# Free blastbeat libraries?



## tuttermuts (Jan 3, 2018)

Hey guys

Long story short, one of the bands I'm in is in a situation where I'll probably be taking over the drums for a while in the shape of backing tracks. I've got superior drummer and some freeware vsts that will do the job as a placeholder. But I don't have any midi libraries that I can drag and drop to get something going quickly/on-the-go so to speak. (for example say we decide to change a part of a song mid rehearsal)

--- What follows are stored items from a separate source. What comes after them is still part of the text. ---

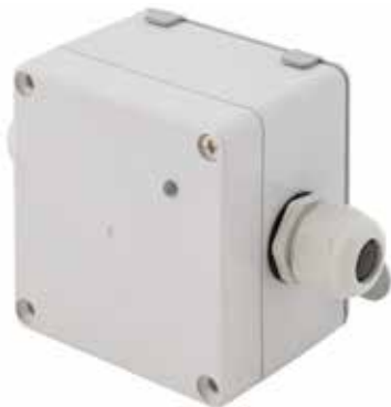
HSBRRF BOOSTER / RECEIVER UNIT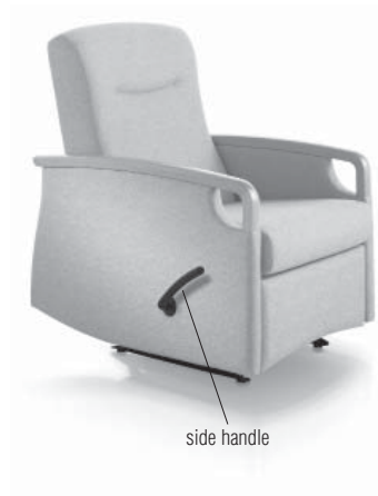
Figure 2 - Wallsaver Recliner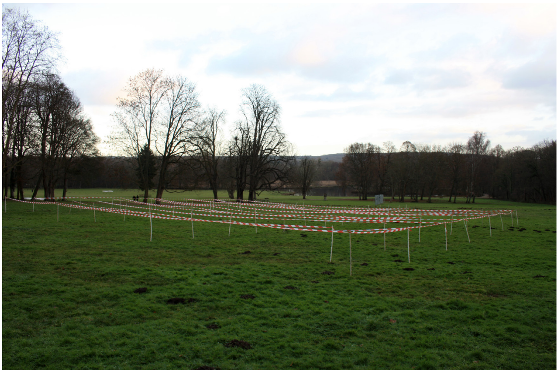
After Nature / 2010 / Protective tape + stakes / 30 x 30 x 1 m

At Chamarande contemporary art center, and in connection with Pascal Rivet's exhibition 'Concession' and his exploration of the link between human beings and their work tools, I suggest walking the course of a tractor ploughing a field.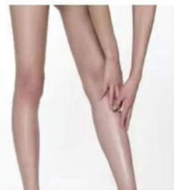
Blood Vein Removal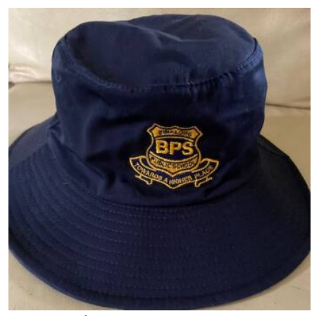
BPS Bucket Hat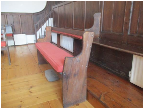
Figure 2: Open-backed bench with solid bench ends.

The meeting house contains pine benches of open-backed bench design with solid bench ends. Stored in the gallery is a bier.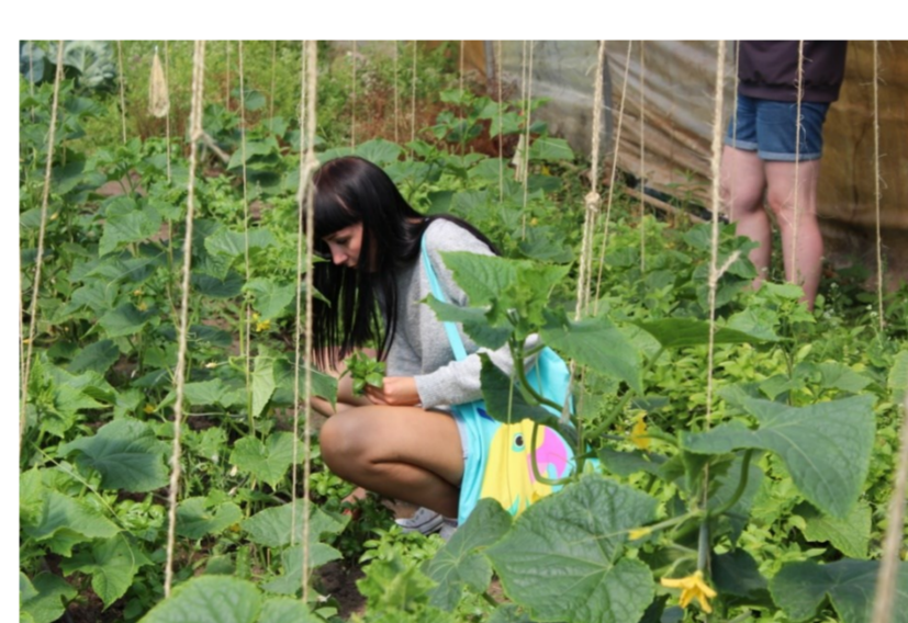
Harvesting vegetables and herbs of the season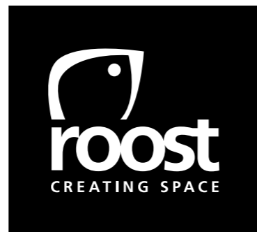
Black & White Reverse

Any ideas? Currently I don't feel like spending any money on drumpacks yet since the situation isn't a 100% certain as to what's going to happen.

Thanks!


----------



## metallifan3091 (Jan 4, 2018)

Are you comfortable with writing drum tracks yourself? If so, you can throw together some simple patterns in Guitar Pro/Tux Guitar/similar software, then export them as MIDI files as you see fit. I don't know if this is the easiest way to solve your problem, but it's the way that I deal with writing drums personally. I write most of my guitar tracks and whatnot out in GP also, so having the drum tracks there is convenient for me.


----------



## tuttermuts (Jan 5, 2018)

I do write from scratch every now n then both DAW and gp, but what I'm looking for right now is something that I can use on the fly. 
Just might have to write a bunch of blastbeats in a single reaper file and just copy past parts from there if I need something.


----------



## metallifan3091 (Jan 5, 2018)

Gotcha. My thinking was that you could sort of build a library for yourself in your down time, then just drag and drop the bits that you want to use on the fly. Might be more trouble than it's worth, but I only use one or two blast beat patterns myself so it wouldn't take all that long.


----------



## TonyFlyingSquirrel (Jan 8, 2018)

The Beta Monkey (Double Bass Mania) library is full of a plethora of one shots and loops including blast beats, but in multiple tempo's and time signatures, and the beauty is, most of them are all on the same kit, so continuity is consistent. I have vol 1 through 7 and it's come in quite handy for me in drag/drop loops into projects.


----------